Quand on constatait que ni le coupable, ni l’enfant, ni le clan, n’avaient été frappés par des châtiments prévus en pareil cas, les sages du clan concluaient que la branche coupable n’avait plus le même sang et qu’ipso facto, ne faisait plus partie du clan et on lui demandait d’adopter, à ses risques et périls, le nom d’un autre clan.
2- Le «Ziikana»
Cette loi, dite loi de l’enterrement mutuel, est la loi au terme de laquelle les membres du même clan ou d’autres clans ayant gardé des liens ordinaires d’amitié, délèguent des représentants aux obsèques d’un membre du clan, avec des linceuls, des oboles et autres dons. Car, celui qui est mort est censé être l’un des leurs.
3- Les interdits alimentaires ou les biinas
La loi des interdits alimentaires ou des biinas interdit à tout Koongo de consommer des mets prohibés d’une part et de consommer de l’alcool dans les veillées, tant que le défunt n’a pas été inhumé d’autre part. Chaque clan a les siens. Ces derniers peuvent varier selon les régions.
Parmi les biinas, l’on peut distinguer ceux concernant tous les membres du clan proprement dits, comme ceux interdisant la consommation de la viande de caïman, de panthère ou interdisant à la gent féminine de consommer de la viande de boa, de la civette, etc. Certains biinas ont un lien avec les totems des clans.
Autant l’origine des biinas concernant les clans remonte à la nuit des temps, autant ceux concernant les femmes l’ont été par l’égoïsme voire l’égocentrisme de la gent masculine. En sorte, les hommes n’ont jamais voulu que les femmes mangeassent de la viande succulente de certains animaux. Aujourd’hui, beaucoup de femmes koongos ont transgressé lesdits interdits alimentaires qui leur ont été imposés, tout en respectant ceux du clan.
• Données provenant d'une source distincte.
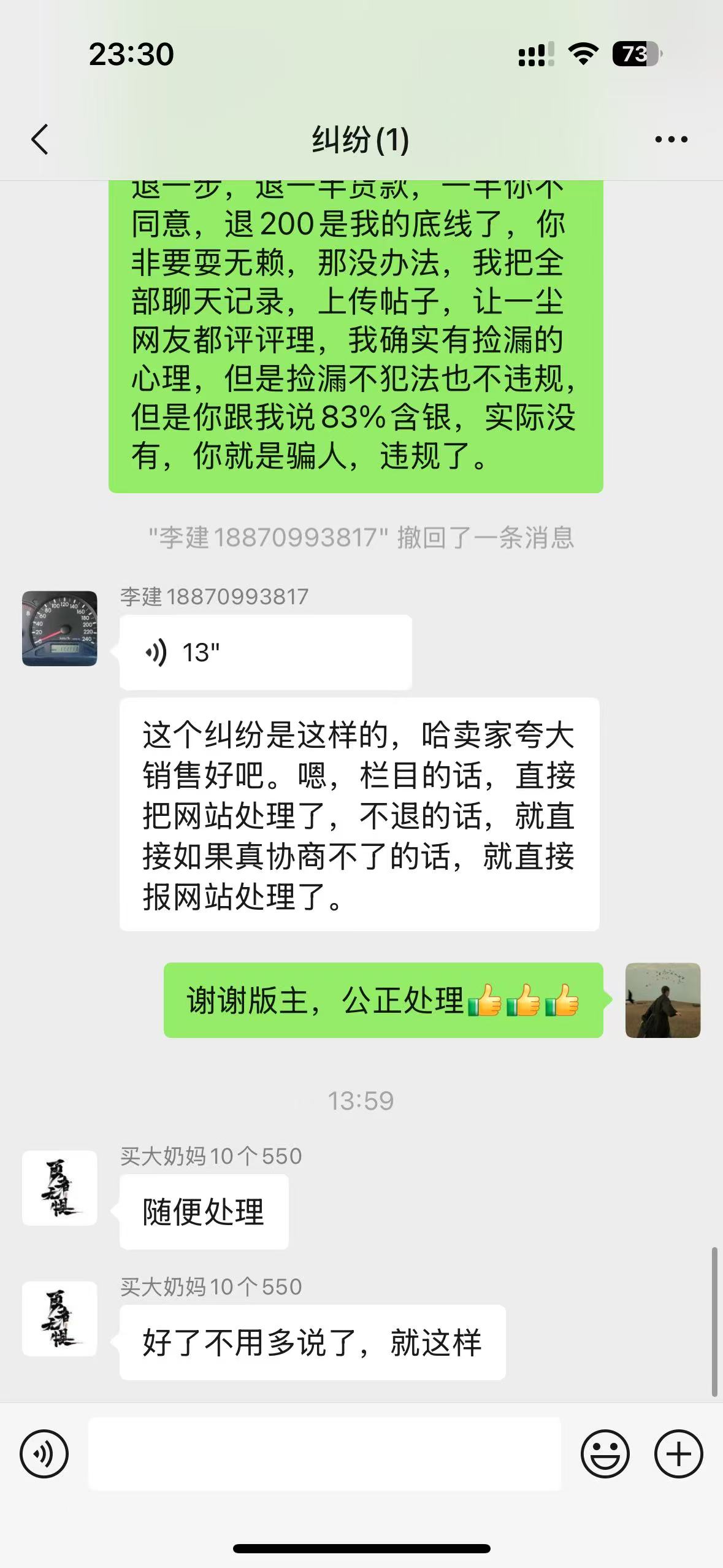 特别提醒:1,本人不替会员做担保交易,如有需要请去(中介支付专栏)。 2,调解纠纷时,如果我电话里谈到钱,请一定要求我在帖子里或站内信里以文字方式写出来给你,以防有人冒充我电话和你联系。 3,你来电时,请直入主题:报网名,谈事情,勿寒暄,谢谢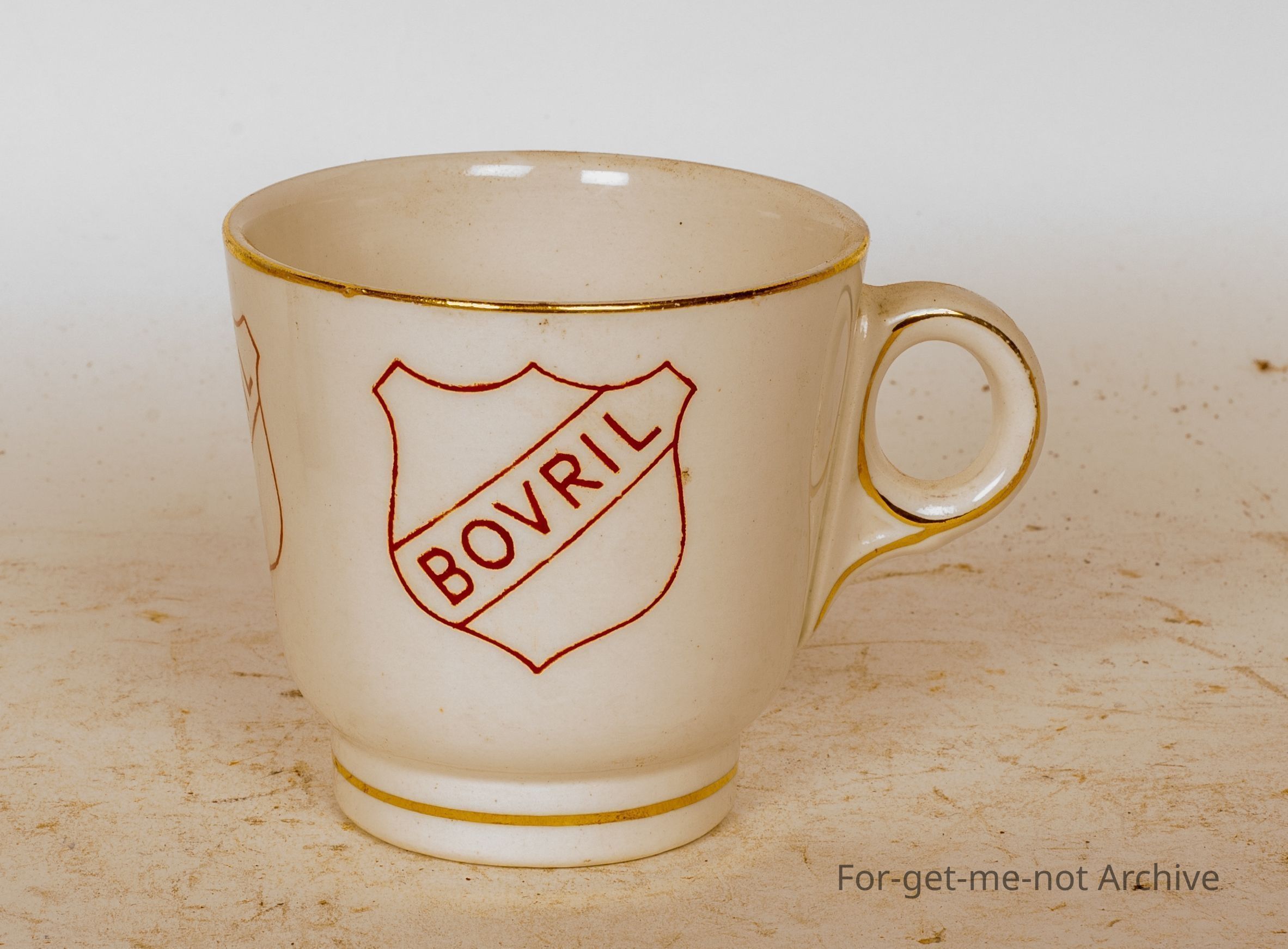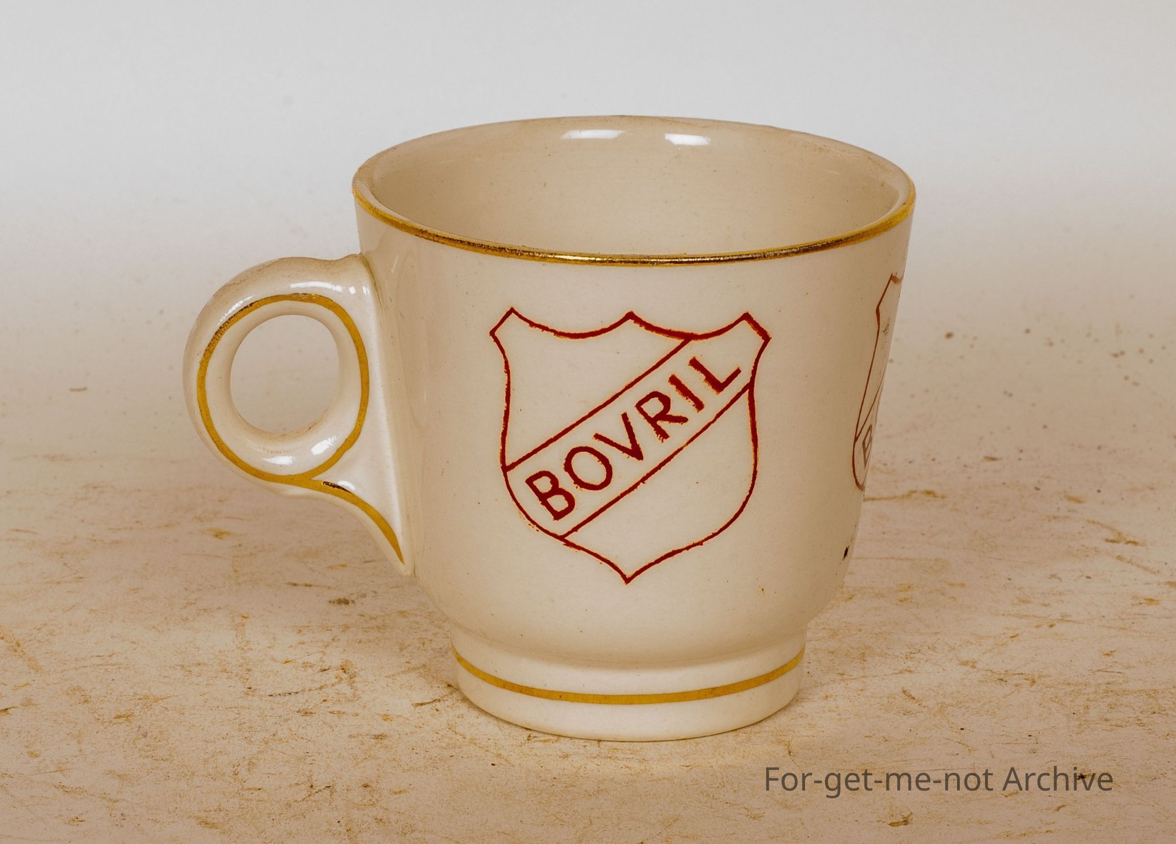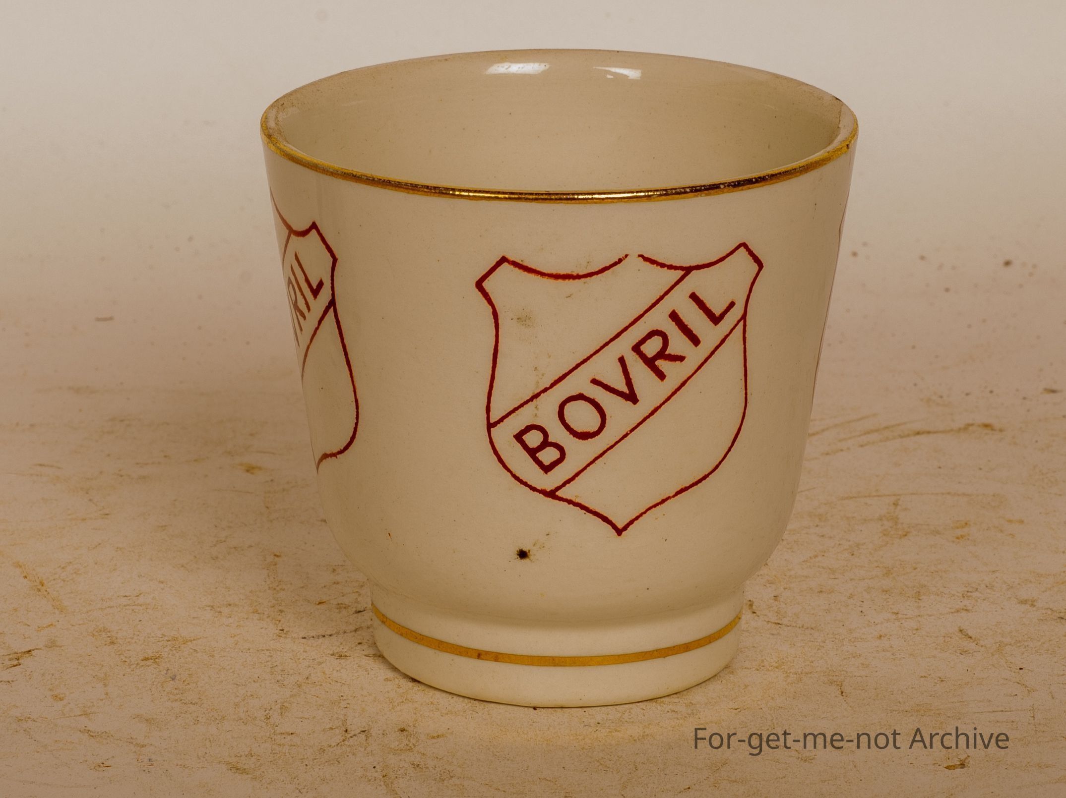 This is a small teacup, ceramic advertising, "Bovril" in, shields around the perimeter of the cup.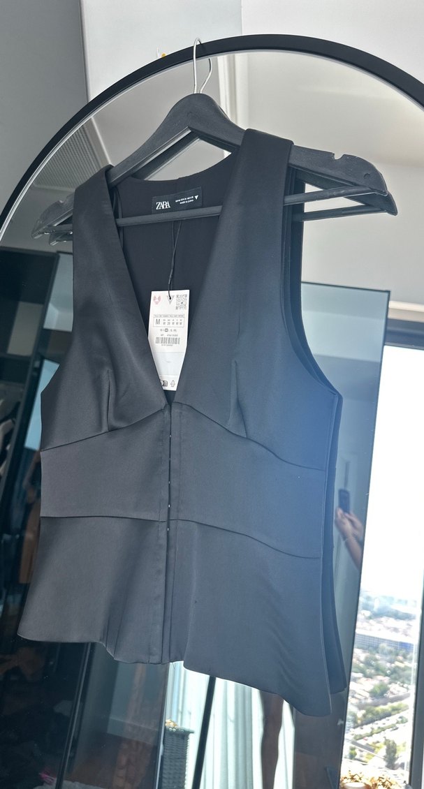 Kopçalı korseve V yakalı, siyah renkli, vücuda oturan kadın yeleği. Midi boyda, saten kumaştan üretilmiş, günlük kullanıma uygun.
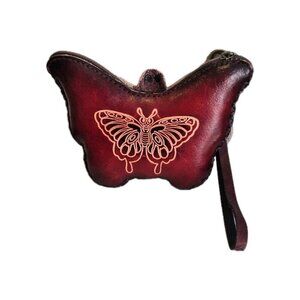 This product is a new yellow genuine leather handmade butterfly coin purse wristlet key case. The coin wallet is designed with a butterfly character and a nature theme, making it a stylish accessory for both men and women. Its small size and wristlet style make it convenient for carrying coins, keys, or small items. The vibrant yellow color and high-quality leather material add a touch of elegance to the piece, making it a unique and eye-catching addition to any accessory collection.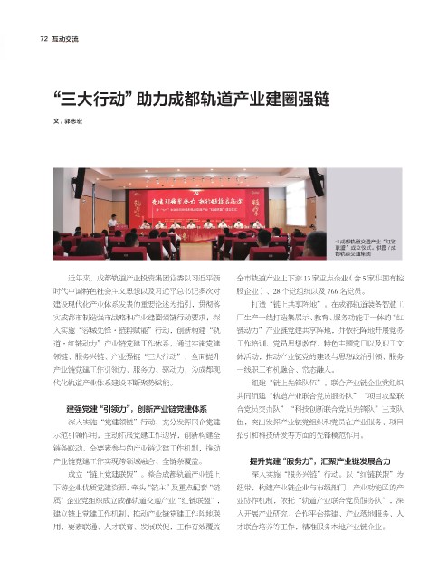 入实施“蓉城先锋·链群赋能”行动,创新构建“轨 链动力”产业链党建共享阵地,并依托阵地开展党务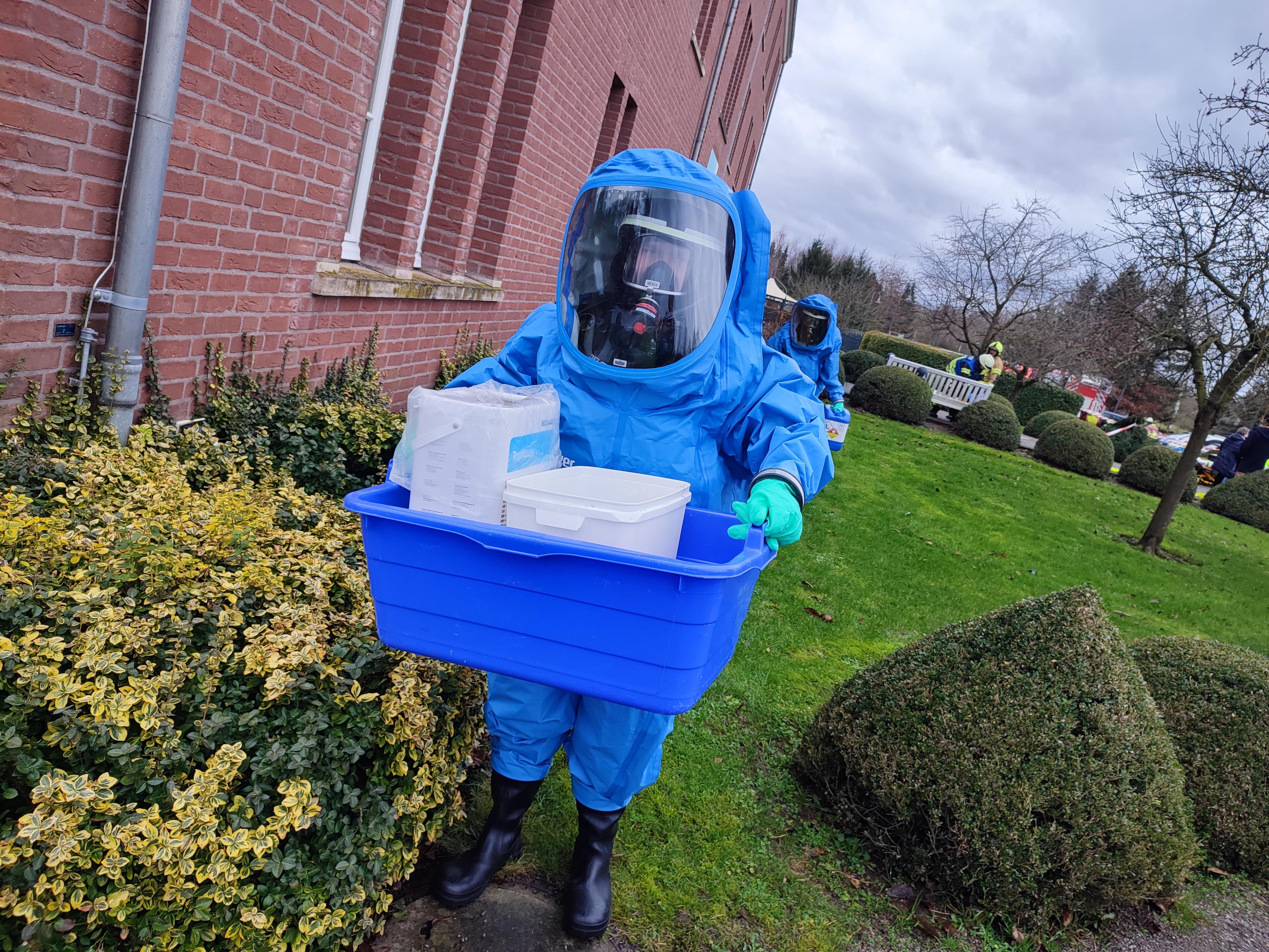 Durch die Einsatzkräfte wurde unter schwerem Atemschutz der Gefahrenbereich erkundet. Danach wurde entschieden, Bewohner:innen der Pflegeeinrichtung aus Sicherheitsgründen in nicht betroffene Gebäudeteile zu evakuieren. Anschließend nahm ein Angriffstrupp in Chemieschutzanzügen und Atemschutz umfangreiche Messungen der Umgebungsluft im Keller und im Gebäude vor. Danach wurde der geöffnete Kanister verschlossen, das ausgelaufene Reinigungsmittel aufgenommen und kontaminierte Gegenstände ins Freie gebracht.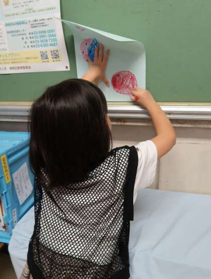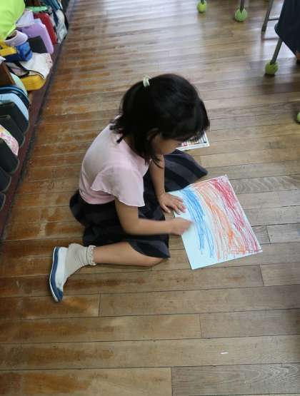 1年生が、身近になる様々な物の質感をこすりだして紙に移していました。映し出された質感から連想して絵を描くようです。どんな絵が完成するのか楽しみです。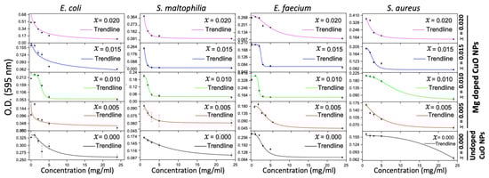 All isolates showed sensitivity to the undoped CuO NP (x = 0.000). E. faecium was the most sensitive. It showed a sensitivity against the lowest NP concentration (0.1875 mg/mL). The other three bacteria showed a sensitivity against an NP concentration of 1.5 mg/mL. Sensitivity was considered positive for ZOI diameters > 7 mm []. All the bacterial isolates were sensitive to the Mg-doped CuO NP with x = 0.005. E. coli and S. maltophilia showed a sensitivity to the NP at a concentration of 0.75 mg/mL. E. faecium and S. aureus showed sensitivity against a concentration of 1.5 mg/mL. All investigated bacteria showed sensitivity to Mg-doped NPs with x = 0.010. S. aureus showed susceptibility against a concentration of 0.75 mg/mL. E. faecium showed a sensitivity against a concentration of 1.5 mg/mL. S. aureus, E. coli, and S. maltophilia exhibited a sensitivity at the highest concentration (3 mg/mL). All isolates were sensitive to the Mg-doped CuO NP with x = 0.015. E. faecium was the most sensitive. It showed a sensitivity starting from the lowest concentration (0.1875 mg/mL). S. aureus, E. coli, and S. maltophilia were sensitive at concentrations starting from 0.375 mg/mL. All isolates were sensitive at the highest NP concentration (3 mg/mL). For Mg-doped CuO NP with x = 0.020, all bacteria exhibited sensitivity only at the highest NP concentration (3 mg/mL). The agar well diffusion results of the undoped and Mg-doped CuO NPs are shown in Table 3 and Figure A4 (Appendix A). All results were significant with a p-value ˂ 0.05 shown in Table A1 (Appendix A).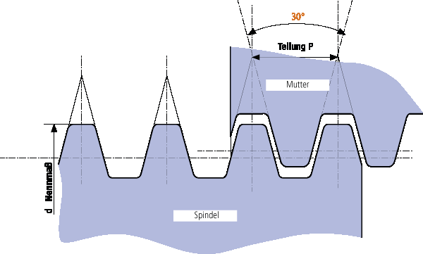 Bei Trapezgewindetrieben herrscht zwischen den Gewindeflanken und der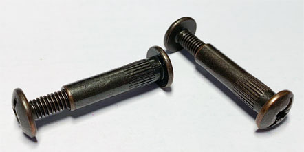 Komplet šroubu M6x15 a speciální matice M6x30 používaný pro spojení bočních stěn vedle sebe umístěného nábytku (např. skříněk kuchyňské linky), pro tl.min 16mm. Povrchově upravený hnědou patinou. Do otvoru pr.8mm.
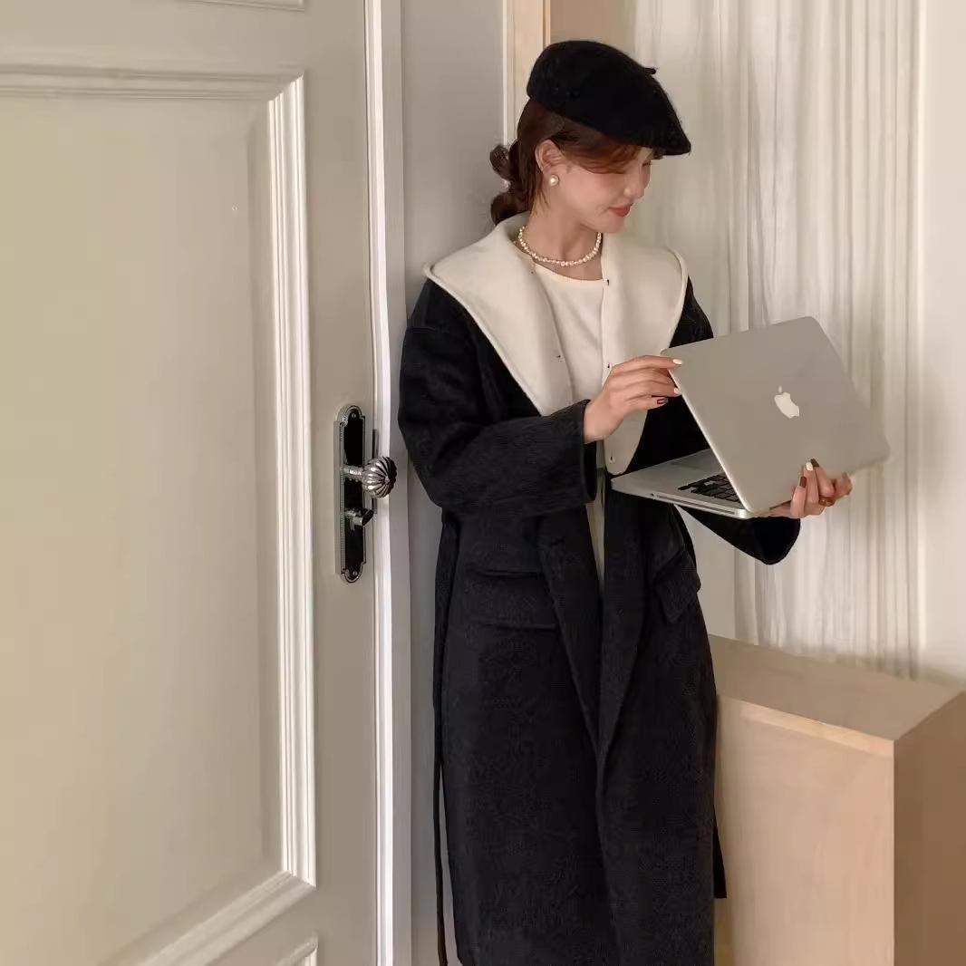 Новое двухстороннее шерстяное пальто в корейском стиле с капюшоном, осенне-зимнее шерстяное пальто M чёрный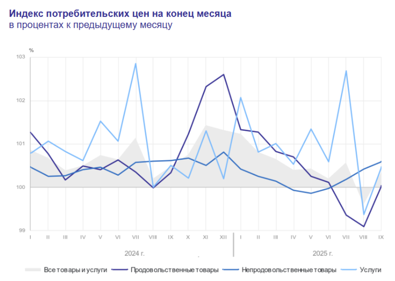 Инфляция в начале октября — недельные темпы продолжают ускоряться. Месячный пересчёт сентября даёт положительный сигнал ЦБ.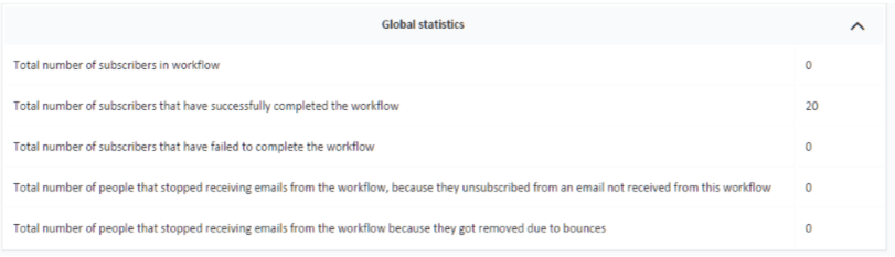 The graphical representation of your workflow below displays how many subscribers have gone through each step of the workflow, how many are at a particular stage and how many have opened a given workflow message, clicked inside it or were converted.

Enfin, les biinas du clan ne doivent pas être confondus d’une part avec les mets défendus et les autres interdictions imposées par le guérisseur, le nganga mpodi et aussi avec les interdits personnels. Les Koongo qui ne les observent pas, tombent souvent malades. Ils souffrent, pour la plupart, d’allergies qui provoquent sur leurs corps, des taches appelées bisampalas, ntchingas ou matonas. Certains en meurent.
En conclusion, l’on peut affirmer que les clans et les lois sont le ciment, le support du peuple koongo et de sa culture, de génération en génération. En parler, c’est comme l’a dit le professeur François Lumwamu, «promouvoir, revaloriser, vulgariser les cultures congolaises, pour favoriser le dialogue, la tolérance et l’unité nationale» et non, comme le prétendent certaines gens, faire l’apologie du tribalisme et du régionalisme, aux fins de nuire à l’unité du peuple congolais. Sous le prétexte de garder la cohésion du peuple congolais, devons-nous ignorer nos différents peuples qui en sont les méandres? Sachons qu’un «peuple qui oublie son histoire, n’a ni présent ni avenir», dixit Calixte Baniafouna.